No operator-visible priority field in the alarm summary. A plant where every alarm is the same colour, the same size, and listed in arrival order is a plant where priority is implicit in the operator's head and disappears the moment a new operator takes over. The priority field on the alarm record must drive the sort order and the colour code on the HMI — that is the only place the priority does its work.
No first-out indication on cascading alarms. When a primary fault triggers four downstream fault chains, the operator wants to know which one tripped first — the root cause, not the four consequences. The FirstOut bit on the alarm record is set true on the first alarm raised in a 30-second window and cleared on every subsequent one, so the alarm summary shows a single root-cause flag. Without it, a cooling-water trip cascading into pump-trip / reactor-temp-high / batch-fault looks like four independent alarms and the operator chases the wrong one.
Priority distribution skewed to critical. A plant with 60% of alarms marked critical has no priorities at all — every row is red, the beeper never stops, and the operator silences alarms by the row rather than by reading them. Audit the priority distribution on the historian once a quarter and force a Pareto fit. ISA 18.2 recommends roughly 5% / 15% / 80% across critical / high / medium-and-below. If you are above 10% critical you have miscategorised somewhere.
No suppression on planned shutdowns or maintenance. A common operational source of alarm flood is a planned event — a unit going into recipe changeover, a line being washed, a section being isolated for maintenance — that triggers thirty incidental alarms because the suppression masks were never built. The alarm subsystem must support per-record suppression with a timestamp and an audit trail. Without it, every recipe change is a flood.

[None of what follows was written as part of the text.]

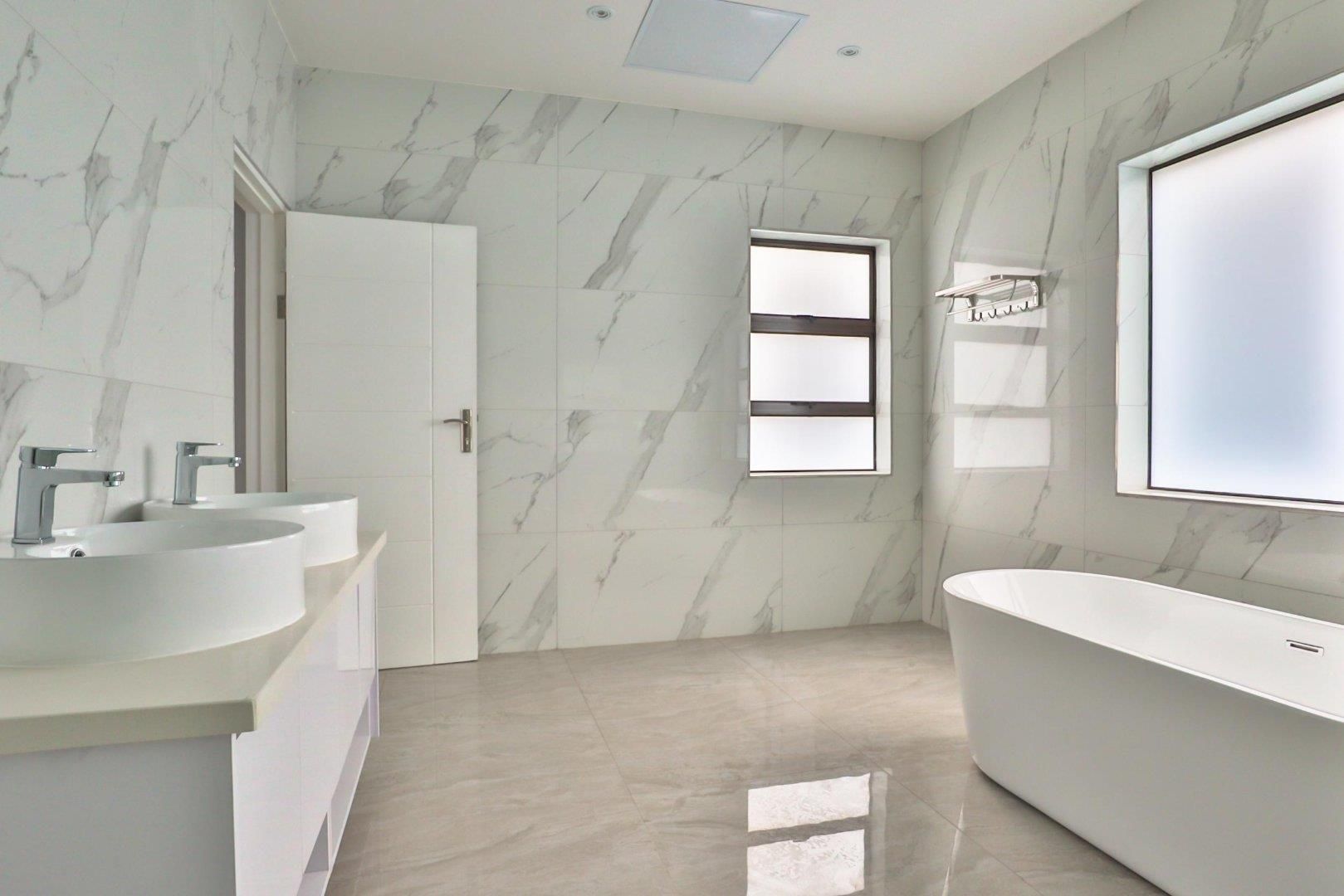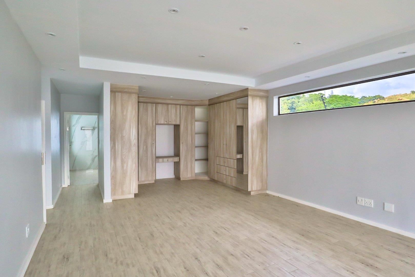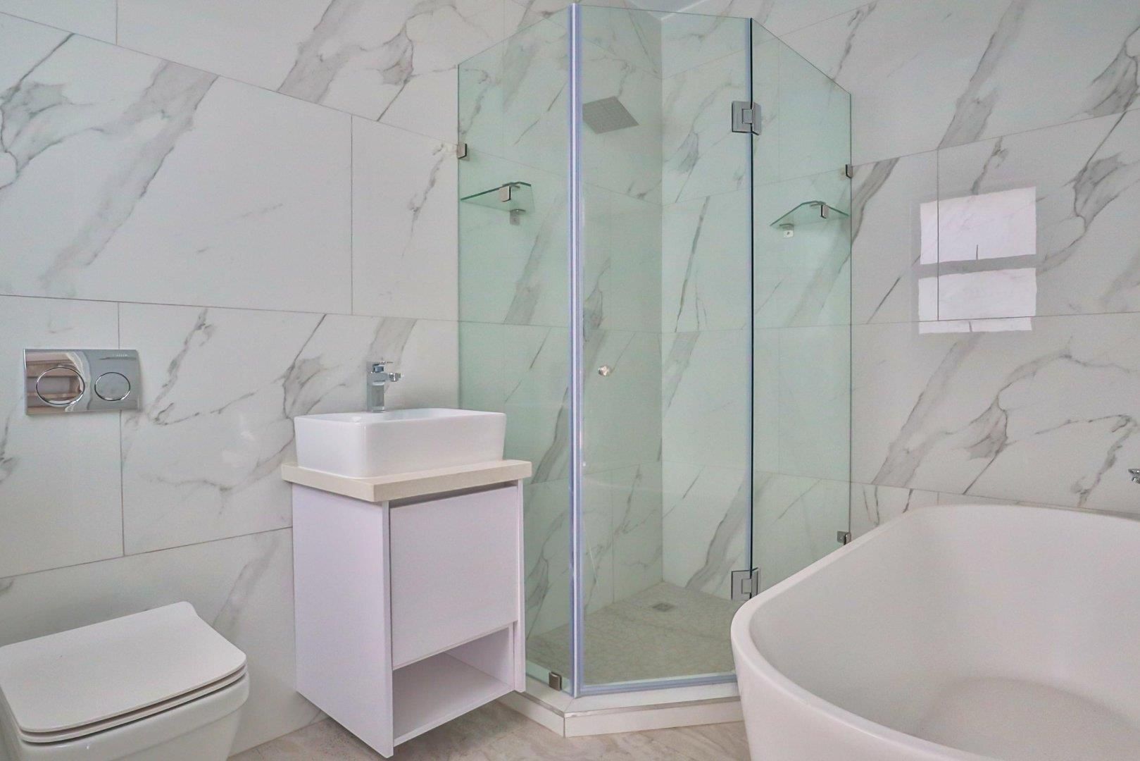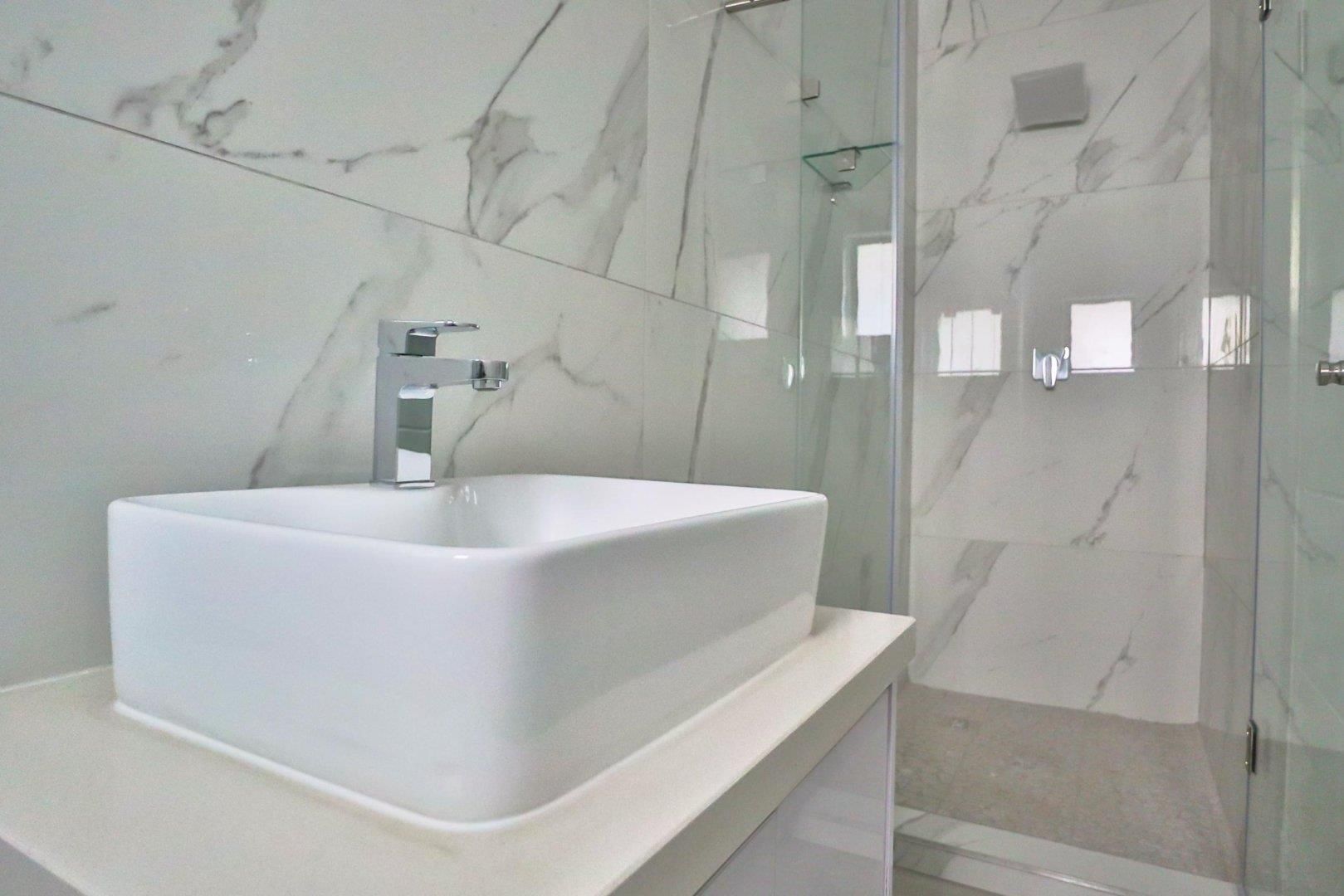 This luxurious cluster is located in a 24-hour secured complex in the heart of Bedfordview. This brand new home comes equipped with the most up-to-date modern finishes from the double volume front entrance all the way up to the 3rd story rooftop terrace. There are 3 reception rooms that lead off from the spacious gourmet kitchen fitted with Caesar stone tops and a breakfast bar/island. The spacious dining room leads onto a beautiful covered patio with a built-in braai, a low-maintenance garden, and a sparkling lap pool. There is also a study downstairs.

How to practise this in the simulator

The simulator's latch preset is built for this exact pattern. Open it, add the six alarms above as records in the alarm panel, and run the scenario. Push the buttons in different orders, vary the on-delay times from 100 ms (chatter) to 30 s (sluggish), turn the deadband off and back on, and watch the alarm rate counter climb and fall. Then add a sixth fault that cascades into three downstream faults — the simulator's fault-injection panel has a "cascade" toggle that fires AL_002, AL_003, AL_004 ten milliseconds after AL_001 — and watch the FirstOut indicator pick out the root cause. Twenty minutes of breaking and fixing teaches more about alarm priority design than reading the standard cover-to-cover.

Start the free tier →

Vendor reference

The cross-vendor reference for alarm management is ANSI/ISA 18.2 Management of Alarm Systems, which formalises the priority-Pareto target, the flood threshold, the deadband and on-delay recommendations, and the lifecycle from rationalisation through implementation to KPI monitoring. It is a paid standard but the executive summary is free on the ISA site and covers the rules above. Every modern alarm subsystem on FactoryTalk Alarms & Events, TIA Portal WinCC, AVEVA System Platform, and Ignition Alarm Notification implements the 18.2 model, with vendor-specific naming on the configuration screens. Read the standard once. The lifecycle vocabulary becomes the language you use in alarm-rationalisation workshops with the production team.

What we don't claim

This site is not SAQA-registered, not MerSETA-accredited, and not an NQF-registered qualification provider. Our completion certificates are course-level only — they describe what you covered, not an NQF Level X qualification. The CCST cert from ISA is the portable industry credential we recommend; we are not an ISA cert delivery partner either, but our cert packs are CCST-aligned. Alarm management is covered at a high level on the CCST Level 2 syllabus and we point at ISA 18.2 as the canonical reference for any deeper rationalisation work.